Introduction

The term glaucoma refers to a group of diseases that have in common a characteristic optic neuropathy with associated visual field loss, for which elevated intraocular pressure (IOP) is one of the primary risk factors.1 The ‘normal’ IOP is a statistical description of the range of IOP in the population, and is not applicable to the individual subject.2 Today, different methods to measure the IOP are available.

The most widely used instrument, considered the international gold standard, is the Goldmann applanation tonometer. Hans Goldmann applied the Imbert–Fick principle which states: ‘the existing pressure in a sphere containing a liquid, whose wall is constituted by a very thin and perfectly elastic membrane, can be measured by an external compression sufficient to transform a portion of spheric surface in a plain surface’. This theoretical sphere is dry, thin-walled, and readily flexible, all features not applicable to the cornea.

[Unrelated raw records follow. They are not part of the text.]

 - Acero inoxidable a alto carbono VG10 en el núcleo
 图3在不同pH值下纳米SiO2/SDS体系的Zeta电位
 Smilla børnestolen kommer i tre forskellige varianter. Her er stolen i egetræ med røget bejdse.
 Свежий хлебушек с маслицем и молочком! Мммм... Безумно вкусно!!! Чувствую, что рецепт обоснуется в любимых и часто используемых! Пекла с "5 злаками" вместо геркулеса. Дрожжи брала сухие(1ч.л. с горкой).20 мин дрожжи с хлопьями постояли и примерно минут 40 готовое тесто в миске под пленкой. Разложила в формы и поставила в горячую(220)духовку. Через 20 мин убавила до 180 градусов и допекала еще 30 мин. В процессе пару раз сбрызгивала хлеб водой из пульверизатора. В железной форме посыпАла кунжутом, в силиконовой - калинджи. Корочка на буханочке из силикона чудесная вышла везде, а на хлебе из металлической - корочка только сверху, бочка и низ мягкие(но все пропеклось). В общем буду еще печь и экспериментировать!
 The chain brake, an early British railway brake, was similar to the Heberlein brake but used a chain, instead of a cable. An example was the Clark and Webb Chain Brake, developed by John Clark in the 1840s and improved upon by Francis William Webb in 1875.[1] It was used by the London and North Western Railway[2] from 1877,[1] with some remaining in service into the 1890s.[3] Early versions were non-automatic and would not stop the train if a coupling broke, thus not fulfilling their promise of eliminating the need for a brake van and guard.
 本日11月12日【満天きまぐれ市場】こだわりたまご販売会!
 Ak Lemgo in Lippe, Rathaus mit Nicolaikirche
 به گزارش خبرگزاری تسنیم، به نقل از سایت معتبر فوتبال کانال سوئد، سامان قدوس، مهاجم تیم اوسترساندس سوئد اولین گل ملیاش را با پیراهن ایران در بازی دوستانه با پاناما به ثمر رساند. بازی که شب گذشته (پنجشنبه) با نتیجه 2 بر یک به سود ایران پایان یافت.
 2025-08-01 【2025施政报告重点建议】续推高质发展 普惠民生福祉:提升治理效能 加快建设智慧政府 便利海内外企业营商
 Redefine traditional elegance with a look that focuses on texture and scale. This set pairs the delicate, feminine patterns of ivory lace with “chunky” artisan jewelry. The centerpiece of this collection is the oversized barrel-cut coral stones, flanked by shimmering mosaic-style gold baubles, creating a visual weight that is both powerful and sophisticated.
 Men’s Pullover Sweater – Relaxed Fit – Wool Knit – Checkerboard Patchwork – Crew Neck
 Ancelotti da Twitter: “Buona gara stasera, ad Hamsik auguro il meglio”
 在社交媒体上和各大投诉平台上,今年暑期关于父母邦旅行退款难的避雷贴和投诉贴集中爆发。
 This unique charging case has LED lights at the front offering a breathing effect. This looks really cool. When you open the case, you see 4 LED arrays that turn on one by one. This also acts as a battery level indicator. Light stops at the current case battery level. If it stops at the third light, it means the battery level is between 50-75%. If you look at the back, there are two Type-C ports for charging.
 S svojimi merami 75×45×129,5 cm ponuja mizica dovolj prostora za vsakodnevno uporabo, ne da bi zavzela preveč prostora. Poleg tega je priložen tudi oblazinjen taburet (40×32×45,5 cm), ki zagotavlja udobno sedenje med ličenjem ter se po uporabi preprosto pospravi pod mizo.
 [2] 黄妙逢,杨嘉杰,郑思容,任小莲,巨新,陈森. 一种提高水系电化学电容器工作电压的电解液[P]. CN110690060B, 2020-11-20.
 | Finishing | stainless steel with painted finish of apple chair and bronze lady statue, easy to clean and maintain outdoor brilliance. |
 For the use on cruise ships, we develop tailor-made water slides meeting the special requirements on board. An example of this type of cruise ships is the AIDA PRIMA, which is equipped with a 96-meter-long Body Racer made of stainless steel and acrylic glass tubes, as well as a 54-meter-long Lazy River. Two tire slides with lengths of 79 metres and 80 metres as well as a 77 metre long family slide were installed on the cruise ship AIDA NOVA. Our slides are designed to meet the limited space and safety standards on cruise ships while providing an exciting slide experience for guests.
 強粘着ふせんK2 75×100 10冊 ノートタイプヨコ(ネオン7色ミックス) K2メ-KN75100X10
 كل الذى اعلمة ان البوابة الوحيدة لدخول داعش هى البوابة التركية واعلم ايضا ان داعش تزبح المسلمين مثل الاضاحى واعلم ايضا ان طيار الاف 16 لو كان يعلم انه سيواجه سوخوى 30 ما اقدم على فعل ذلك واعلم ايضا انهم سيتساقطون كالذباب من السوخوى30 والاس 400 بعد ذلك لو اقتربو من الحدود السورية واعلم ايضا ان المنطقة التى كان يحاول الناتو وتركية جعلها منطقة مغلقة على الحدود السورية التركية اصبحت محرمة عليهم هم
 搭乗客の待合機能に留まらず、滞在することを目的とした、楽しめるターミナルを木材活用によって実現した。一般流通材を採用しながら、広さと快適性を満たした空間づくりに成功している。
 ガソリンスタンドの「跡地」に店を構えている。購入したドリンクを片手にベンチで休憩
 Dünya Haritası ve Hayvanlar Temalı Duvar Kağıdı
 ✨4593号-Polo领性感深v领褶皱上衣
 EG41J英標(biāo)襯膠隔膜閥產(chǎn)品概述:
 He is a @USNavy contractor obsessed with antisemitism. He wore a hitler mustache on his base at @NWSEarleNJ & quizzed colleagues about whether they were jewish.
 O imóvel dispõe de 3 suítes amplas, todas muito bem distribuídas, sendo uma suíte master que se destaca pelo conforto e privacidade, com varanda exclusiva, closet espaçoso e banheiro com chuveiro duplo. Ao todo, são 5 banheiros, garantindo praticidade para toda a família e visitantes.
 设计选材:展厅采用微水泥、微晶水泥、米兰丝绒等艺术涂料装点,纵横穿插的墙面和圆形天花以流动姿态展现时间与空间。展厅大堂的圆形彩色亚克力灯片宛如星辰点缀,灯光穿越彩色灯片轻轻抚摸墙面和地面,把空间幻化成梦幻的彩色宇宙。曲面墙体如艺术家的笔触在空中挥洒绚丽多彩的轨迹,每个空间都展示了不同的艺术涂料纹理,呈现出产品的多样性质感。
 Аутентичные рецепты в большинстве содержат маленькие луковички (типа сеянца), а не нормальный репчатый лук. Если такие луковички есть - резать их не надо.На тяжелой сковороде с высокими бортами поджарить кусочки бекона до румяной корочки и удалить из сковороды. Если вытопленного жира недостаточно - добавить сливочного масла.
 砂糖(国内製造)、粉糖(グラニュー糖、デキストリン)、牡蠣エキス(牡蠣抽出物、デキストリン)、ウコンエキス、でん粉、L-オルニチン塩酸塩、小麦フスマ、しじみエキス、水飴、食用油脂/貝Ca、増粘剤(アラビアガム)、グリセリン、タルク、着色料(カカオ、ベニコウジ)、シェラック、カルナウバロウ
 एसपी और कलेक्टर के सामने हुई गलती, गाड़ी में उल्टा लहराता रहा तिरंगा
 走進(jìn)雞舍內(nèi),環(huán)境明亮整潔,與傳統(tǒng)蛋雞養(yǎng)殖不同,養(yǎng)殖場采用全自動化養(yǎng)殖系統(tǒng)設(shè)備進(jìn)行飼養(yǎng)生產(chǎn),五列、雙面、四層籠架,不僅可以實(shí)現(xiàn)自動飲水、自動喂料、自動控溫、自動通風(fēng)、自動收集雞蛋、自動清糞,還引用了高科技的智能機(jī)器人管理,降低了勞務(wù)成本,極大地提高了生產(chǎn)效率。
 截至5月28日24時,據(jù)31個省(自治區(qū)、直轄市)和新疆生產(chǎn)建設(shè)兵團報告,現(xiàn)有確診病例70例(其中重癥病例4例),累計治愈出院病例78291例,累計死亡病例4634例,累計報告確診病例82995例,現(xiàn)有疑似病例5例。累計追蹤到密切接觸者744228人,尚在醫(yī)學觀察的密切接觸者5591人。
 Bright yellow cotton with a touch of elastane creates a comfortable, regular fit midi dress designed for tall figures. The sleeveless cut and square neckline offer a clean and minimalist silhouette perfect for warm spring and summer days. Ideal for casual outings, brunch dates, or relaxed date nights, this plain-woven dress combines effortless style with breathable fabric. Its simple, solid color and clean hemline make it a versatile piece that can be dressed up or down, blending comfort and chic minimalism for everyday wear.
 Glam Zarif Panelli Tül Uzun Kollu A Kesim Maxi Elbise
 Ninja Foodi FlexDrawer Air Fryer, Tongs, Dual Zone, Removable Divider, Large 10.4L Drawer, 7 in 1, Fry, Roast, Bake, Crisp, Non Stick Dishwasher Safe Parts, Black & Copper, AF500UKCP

The force necessary to flatten the cornea during tonometry can be influenced not only by the IOP but also by corneal characteristics such as central corneal thickness (CCT) , corneal shape and hydratation,3 rigidity of the sclera and the globe.

Goldmann himself, in his first report described some of the possible sources of measurement error.3 He specifically outlined that the theoretical basis for his instrument was calculated for a mean CCT of 500 μm and that the accuracy could vary if CCT was significantly different from this value.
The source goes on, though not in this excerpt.